[doc, unicode] UTF-8 issues in the changelog (and not only)

Andrej Shadura created an issue

For example, ‘Vernooij’ shows as ‘Vernoo?’.

  1. Mads Kiilerich

    It works fine here. I guess it is caused by running the server with LANG=C and thus disabling some unicode handling.

    It should perhaps be documented or made independent of the env settings.

  2. Mads Kiilerich

    I'm not entirely sure.

    In some areas Mercurial makes naive guess/assumptions of what encoding is used. It might thus be necessary to run Kallithea (and thus hg) in an environment with for example HGENCODING=UTF-8 (or perhaps LANG=UTF-8 ... but that might also have other consequences). I guess it should be tested/reviewed and that code or documentation should be changed.

  3. Thomas De Schampheleire

    Some info: I encountered errors when users added unicode characters in changeset/pullrequest comments, pullrequest titles or descriptions, ... It turned out that this was caused by the PostgreSQL database having encoding SQL_ASCII rather than the recommended UTF-8 (you can check this with 'psql -l')

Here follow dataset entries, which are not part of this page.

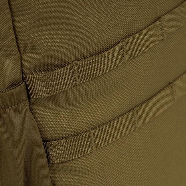 - Окрім великого основного відділення та бічної еластичної кишені, цей рюкзак має систему кріплень MOLLE для фіксації спорядження.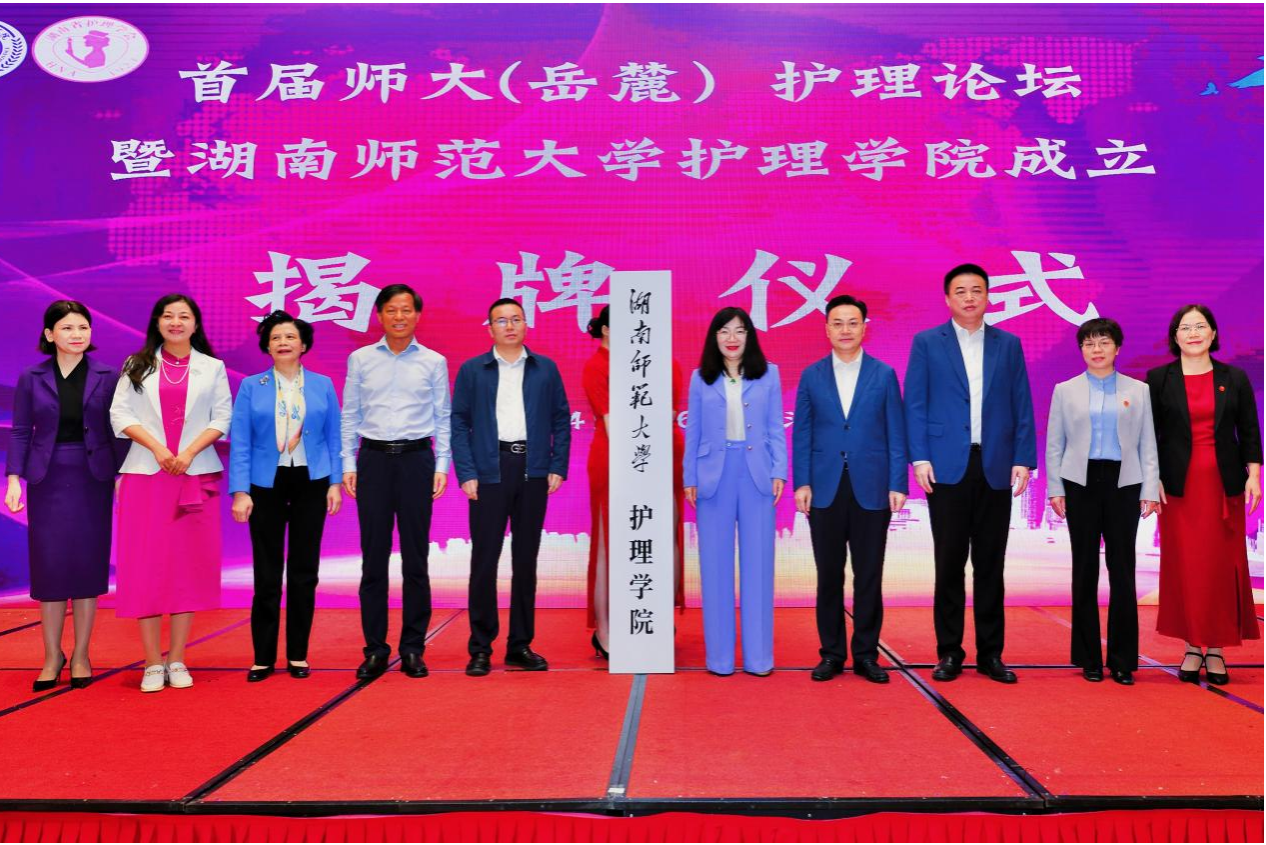 (供稿 护理学院)11月15日,我校护理学院成立揭牌仪式暨师大首届(岳麓)护理论坛暨湖南省护理学会第十届理事会慢病管理、全科护理、护理美学、护理伦理、门诊专业委员会成立开幕式在长沙举行。教育部高等学校护理学类专业教学指导委员会秘书长孙宏玉、湖南省卫生健康委副主任程博、湖南省护理学会常务副理事长曾清、湖南省人民医院党委书记赵卫华、常德职院院长周华、我校校长刘仲华出席活动。大会由湖南省人民医院副院长李亚敏主持。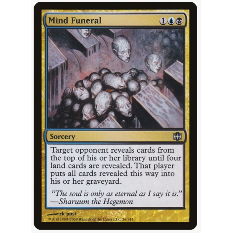 Target opponent reveals cards from the top of his or her library until four land cards are revealed. That player puts all cards revealed this way into his or her graveyard.Rarity:U#:26Card Type:SorceryFlavor:"The soul is only as eternal as I say it is."Cas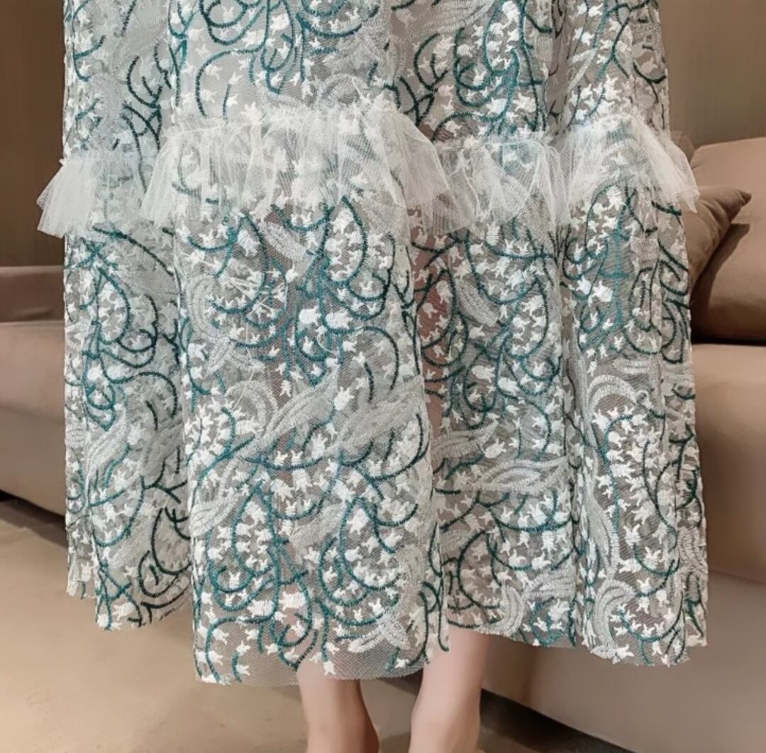 シースルーレースロングワンピース

    This in itself was caused by having LC_CTYPE=C set when creating the database initially. Creating the database again (and migrating the existing data) but with LC_CTYPE unset so that the databases are all in UTF-8, made these issues disappear.

    For reference, the LANG was always set to en_US.UTF-8 here.

  4. Andrej Shadura reporter

    I think this can now be closed, we've addressed a bunch of related issues since the date this bug has been reported.

  5. Thomas De Schampheleire

    We should still make sure to update the documentation though: the user still needs to make sure to create the database in UTF-8.